_TASK OBJECTIVE_
Extract the stretch of lines that starts at the line with "- Innendurchmesser der" and ends at the last line of the data below. Give it exactly, without pictures.
#### EXERCISE DATA ####
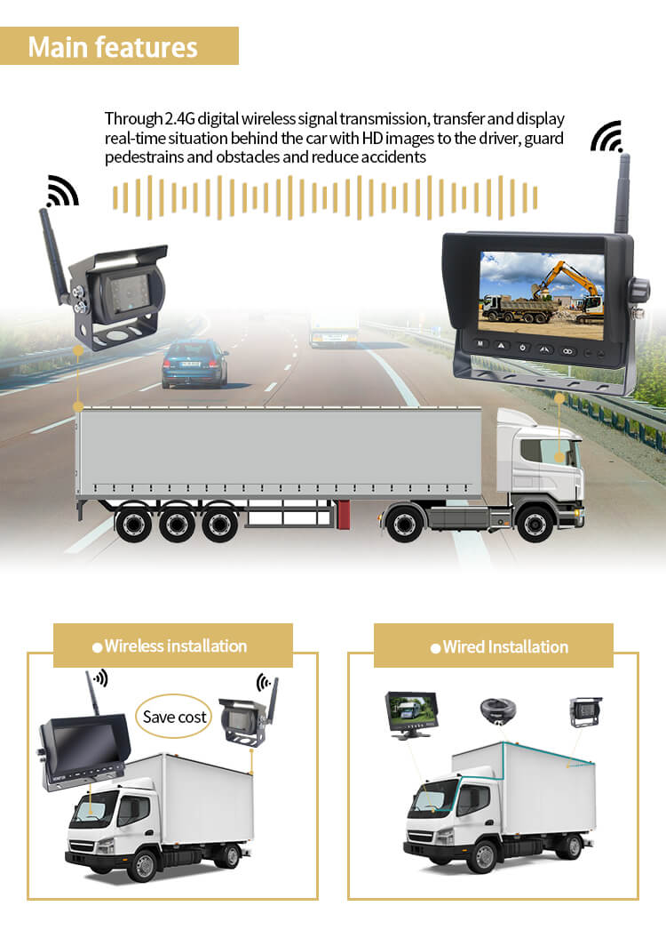 Aotop wireless digital vehicle reverse camera monitoring system includes 5 inch AHD monitor and IP69K night vision camera. With it, you can easily view what's behind your vehicle without having to lay long cables, especially for heavy & commercial vehicles such as trucks, harvesters and trailers. If you are looking for high quality wireless car camera system, please contact sales@aotop.com.
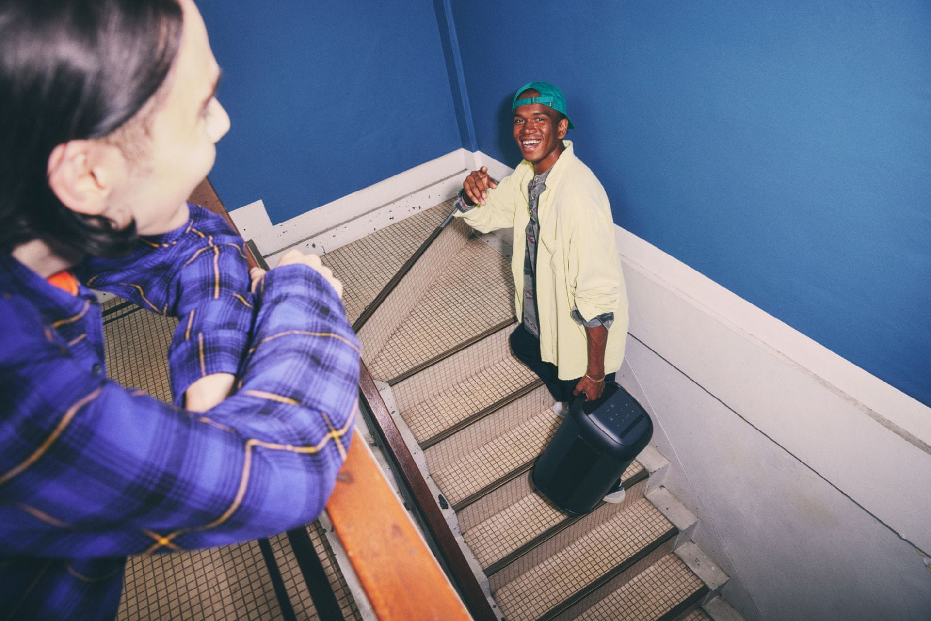Zvučnik je opremljen ručkom za jednostavno prenošenje. Jedinstveni dizajn omogućuje vodoravno ili okomito postavljanje zvučnika. Višebojno osvjetljenje dodatno će poboljšati iskustvo slušanja omiljene glazbe. Vodootpornost prema standardu IPX4 nudi dodatnu zaštitu u slučaju kontakta s kapljicama vode.
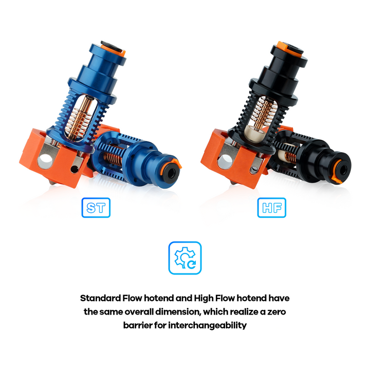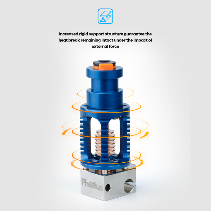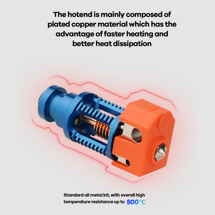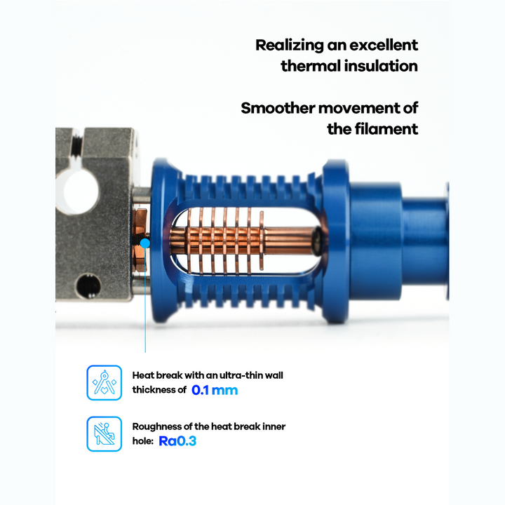 - Innendurchmesser der Düse und des Heat Breaks von 0,4 mm für einen reibungslosen Filamentfluss und höhere Druckauflösungen.
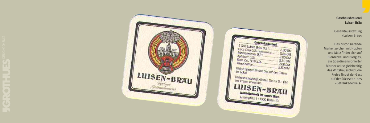 Die Gasthausbrauerei braut Bier und kommuniziert diese seine Marke auf den Biergläsern, den Bierdeckeln und in der Außenwerbung.
####
_RESULT_
 - Innendurchmesser der Düse und des Heat Breaks von 0,4 mm für einen reibungslosen Filamentfluss und höhere Druckauflösungen.
 Die Gasthausbrauerei braut Bier und kommuniziert diese seine Marke auf den Biergläsern, den Bierdeckeln und in der Außenwerbung.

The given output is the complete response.